And to my shame, the Palestinian dispossession was happening when I, as a young woman, was living in Israel in the mid 1960s, marvelling at what the people from the German concentration camps, who had suffered such terrible losses at the hands of their Nazi persecutors, who were struggling to find a home in their ‘promised land’, were managing to achieve in their kibbutzim in spite of the horrors they had experienced. Theirs was indeed an epic tale, but it was done at such a cost, a cost that I, then, didn’t recognise, did not want to see: a people whose land was taken from them, whose ancient ways and culture were uprooted, and over the years were deliberately squeezed in the increasingly small enclaves now known as the West Bank and Gaza. A solution manufactured by the West. Was it guilt, a quick way to rid Europe of a problem that seemed unsolvable at the time? How much of it was driven by a deep-seated residual anti-semitism? By giving the Zionists what they were asking for, at the expense of the Palestinians, was it designed to salve the European conscience, pass the problem over to somewhere else? Whatever it was – and there were many forces driving it – it certainly has come back to plague western democracies, along with all the other arbitrary borders that remain as remnants of the ‘Colonial Era’. Things fall apart as we shamble through what is now post-colonial times. 
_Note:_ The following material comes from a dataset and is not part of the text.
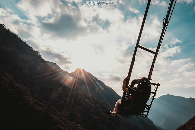 悬崖秋千在空中自行车的另一端,看过电视剧《媚者无疆》的朋友想必都对长安和晚媚一起荡悬崖秋千的那幕印象深刻,因为实在是太浪漫了。浙北大峡谷的顶端就有同款悬崖秋千,闭上眼睛,温柔的风拂过耳边,脚下是峡谷壮美的风景,仿佛下一秒就会长出翅膀飞上天空,真的是一秒化身言情小说女主的感觉。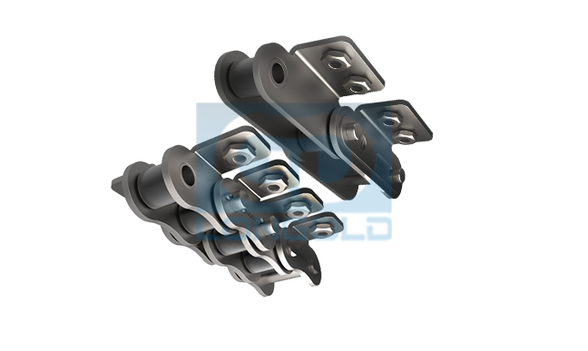帶LD180以上的大型尺寸的帶附件鏈條。主要附件形式有雙側(cè)帶直立單孔翼板附件,雙側(cè)帶單孔彎板附件,雙側(cè)帶雙孔彎板附件等,客戶可根據(jù)實(shí)際需要選擇合適的附件形式。

Ah, the human spirit. Today, many of the people I worked with in Chin State, which borders India in the north-west of Myanmar, have fled their homes as the Myanmar military, the Tatmadaw, continue their air strikes, burning and destroying villages in an attempt to quell the resistance of the people to the military government, which seized power in February 2021. The Chin Human Rights Organisation reports that there have been four airs strikes since Christmas. They report that around 200 refugees crossed the border into India in the past week. It is estimated that some 52,000 civilians have fled to India since the coup,  44,000 trying to survive in Mizoram State. The remainder are making their way to New Delhi, more than 2,000 kilometres to the east, where it is possible to register with UNHCR as refugees. The number of people hiding in the mountainous forests (internally displaced persons – IDPs) is unknown.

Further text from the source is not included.